Выбрать главу

Античное представление о неизбежном и естественном характере разложения правильных форм правления, таким образом, оказалось полностью отброшено, поскольку формы правления можно оценивать только во взаимосвязи с социальными и политическими отношениями, создающими институты. Точно так же отброшено было свойственное Просвещению и современности представление о неизбежности кризиса пространства и времени в условиях отсутствия границ и контроля, потому что оно возвращало к сфере гражданской власти: только на этом и ни на каком ином основании можно оценивать пространство и время. Выбор, таким образом, делается не между правлением и разложением, Империей и распадом, а между, с одной стороны, социально укорененным и расширяющим свои границы правлением, то есть правлением "гражданским" и "демократическим", а с другой — различными практиками правления, когда власть основывается на трансценденции и подавлении. Здесь необходимо пояснить, что, когда мы, беря их в кавычки, говорим о понятиях "града" или "демократии" как об основе экспансионистской активности Республики и как о единственной возможности образования прочной Империи, мы вводим идею участия, связанного с жизненной силой населения и его способностыо порождать диалектику власти и контрвласти, — идею, которая имеет мало общего с классической или характерной для современности идеей демократии. С такой точки зрения "демократическим" в какой-то степени были даже правление Чингисхана и Тамерлана, а также легионов Цезаря, армий Наполеона и армий Сталина и Эйзенхауэра, ибо все они сделали возможным участие населения, которое поддерживало их экспансионистскую деятельность. Суть всех перечисленных примеров и общей идеи Империи заключается в утверждении пространства имманентности. Имманентность определяется как отсутствие всяких внешних ограничений, задаваемых той или иной направленностью действия масс, причем в своем утверждении и разрушении имманентность связана лишь с режимами возможности, которые служат основой ее возникновения и развития.

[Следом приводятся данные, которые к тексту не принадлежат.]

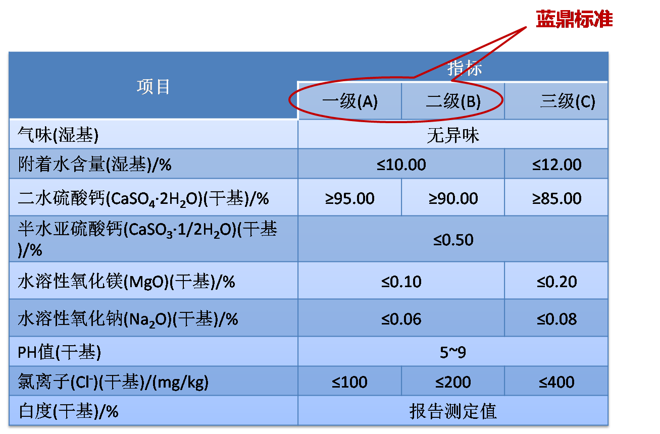 煙氣脫硫石膏是電廠、鋼鐵廠采用石灰石-石膏濕法脫硫工藝產(chǎn)生的副產(chǎn)物,其質(zhì)量高低主要取決于脫硫劑石灰石的品位和脫硫工段的運(yùn)行管理。我司使用的脫硫劑石灰石品位高、煙氣脫硫過程指標(biāo)控制穩(wěn)定、脫硫和石膏漿液脫水系統(tǒng)運(yùn)行管理可靠,因此更容易實(shí)現(xiàn)對副產(chǎn)脫硫石膏的質(zhì)量控制,脫硫石膏中二水硫酸鈣含量高達(dá)95%以上,CI-100mg/L以下,遠(yuǎn)高于天然石膏和磷石膏。

Здесь мы возвращаемся к сути парадокса, согласно которому всякая теория Империи предполагает возможность ее упадка, но теперь мы можем приступить к его объяснению. Если Империя всегда олицетворяет безусловную позитивность, осуществление правления масс и всецело имманентный аппарат, то она оказывается незащищенной от кризиса в силу самого этого определения, а не потому, что ей противостоит какая-то иная необходимость или трансценденция. Кризис свидетельствует о существовании альтернативной возможности в плане имманенции; кризис не предопределен, но всегда возможен. Макиавелли помогает нам понять этот имманентный, конститутивный и онтологический смысл кризиса. Однако лишь в нынешней ситуации это сосуществование кризиса и поля имманентности становится полностью очевидным. Поскольку пространственное и временное измерения политической деятельности перестают быть пределами и превращаются в созидающие механизмы имперского правления, сосуществование позитивного и негативного в пространстве имманентности теперь выступает как открытая альтернатива. Сегодня одни и те же движения и тенденции служат причиной и возникновения, и распада Империи.

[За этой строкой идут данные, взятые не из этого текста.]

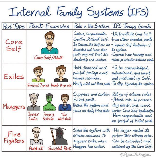 Los sistemas familiares internos, o IFS, es un tipo de terapia que cree que todos estamos formados por varias partes o subpersonalidades. Se basa en tipos de terapia familiar estructural , estratégica, narrativa y boweniana .

Finis Europae (Витгенштейн)

Сосуществование имперского духа со знамениями кризиса и упадка нашло различные выражения в европейском дискурсе последних двух столетий, зачастую принимая форму рефлексии либо на тему конца европейской гегемонии, либо — кризиса демократии и торжества массового общества. На всем протяжении этой книги мы утверждали, что в период современности правительства Европы развивали не имперские, а империалистические формы. Идея Империи, тем не менее, сохранялась в Европе, а отсутствие ее реального воплощения постоянно вызывало сожаление. Европейские споры об Империи и причинах ее упадка интересны нам по двум основным причинам: во-первых, в центре этих споров стояла тема кризиса идеала имперской Европы, и, во-вторых, этот кризис бьет именно по тому скрытому содержанию определения Империи, которое связано с идеей демократии. Другой момент, который мы должны иметь здесь в виду, — это позиция, с какой велись споры: точка зрения, принимающая историческую драму упадка Империи с позиций опыта коллективного существования. Тема кризиса Европы превратилась в дискурс об упадке Империи и переплелась с темой кризиса демократии, а также с вопросами о формах сознания и сопротивления, порождаемых этим кризисом.